** Opening Raw data block **
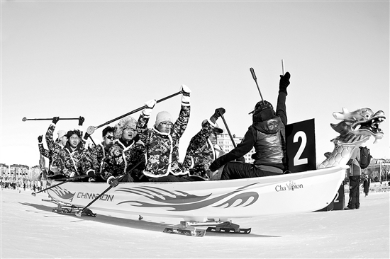 2月2日,内蒙古锡林浩特市锡林湖冰场,中外选手在冰上龙舟100米直道赛中激烈角逐。当日,五大洲冰上龙舟挑战赛在此举行,来自全球21个国家和地区的近600名运动员参赛,赛事融合冰雪运动与传统文化,助力当地冰雪经济发展。视觉中国 供图
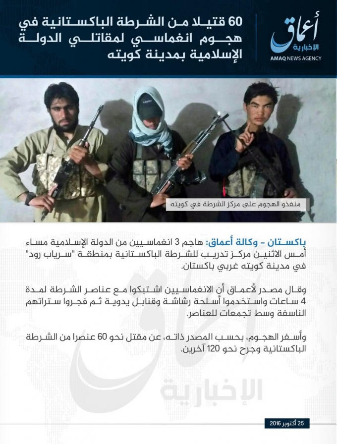 Chiều 25/10, Tổ chức Nhà nước Hồi giáo tự xưng (IS) đã lên tiếng nhận trách nhiệm vụ xả súng đẫm máu vào Học viện cảnh sát Balochistan, Pakistan khiến ít nhất 61 người thiệt mạng và hơn 100 người khác bị thương đêm 24/10.
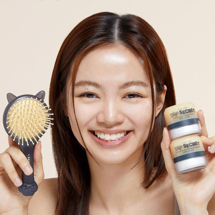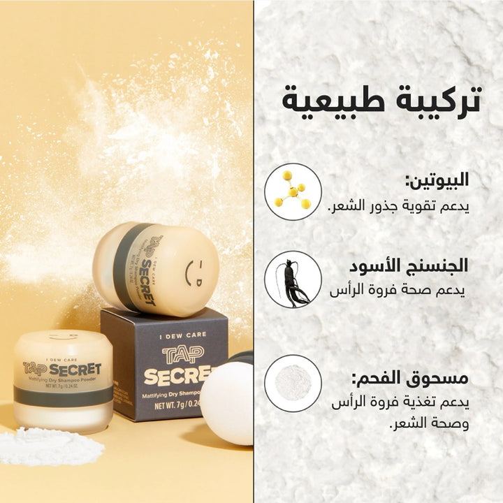 The I Dew Care Tap Secret Box includes two bottles of Tap Secret Dry Shampoo, designed to invigorate and refresh the scalp by absorbing excess oils and fats. It also strengthens hair with natural ingredients that nourish hair follicles, such as biotin and black ginseng.
** Closing Raw data block **
**Task description:** Copy the listing character for character, pictures omitted.

**Written response:**
 2月2日,内蒙古锡林浩特市锡林湖冰场,中外选手在冰上龙舟100米直道赛中激烈角逐。当日,五大洲冰上龙舟挑战赛在此举行,来自全球21个国家和地区的近600名运动员参赛,赛事融合冰雪运动与传统文化,助力当地冰雪经济发展。视觉中国 供图
 Chiều 25/10, Tổ chức Nhà nước Hồi giáo tự xưng (IS) đã lên tiếng nhận trách nhiệm vụ xả súng đẫm máu vào Học viện cảnh sát Balochistan, Pakistan khiến ít nhất 61 người thiệt mạng và hơn 100 người khác bị thương đêm 24/10.
 The I Dew Care Tap Secret Box includes two bottles of Tap Secret Dry Shampoo, designed to invigorate and refresh the scalp by absorbing excess oils and fats. It also strengthens hair with natural ingredients that nourish hair follicles, such as biotin and black ginseng.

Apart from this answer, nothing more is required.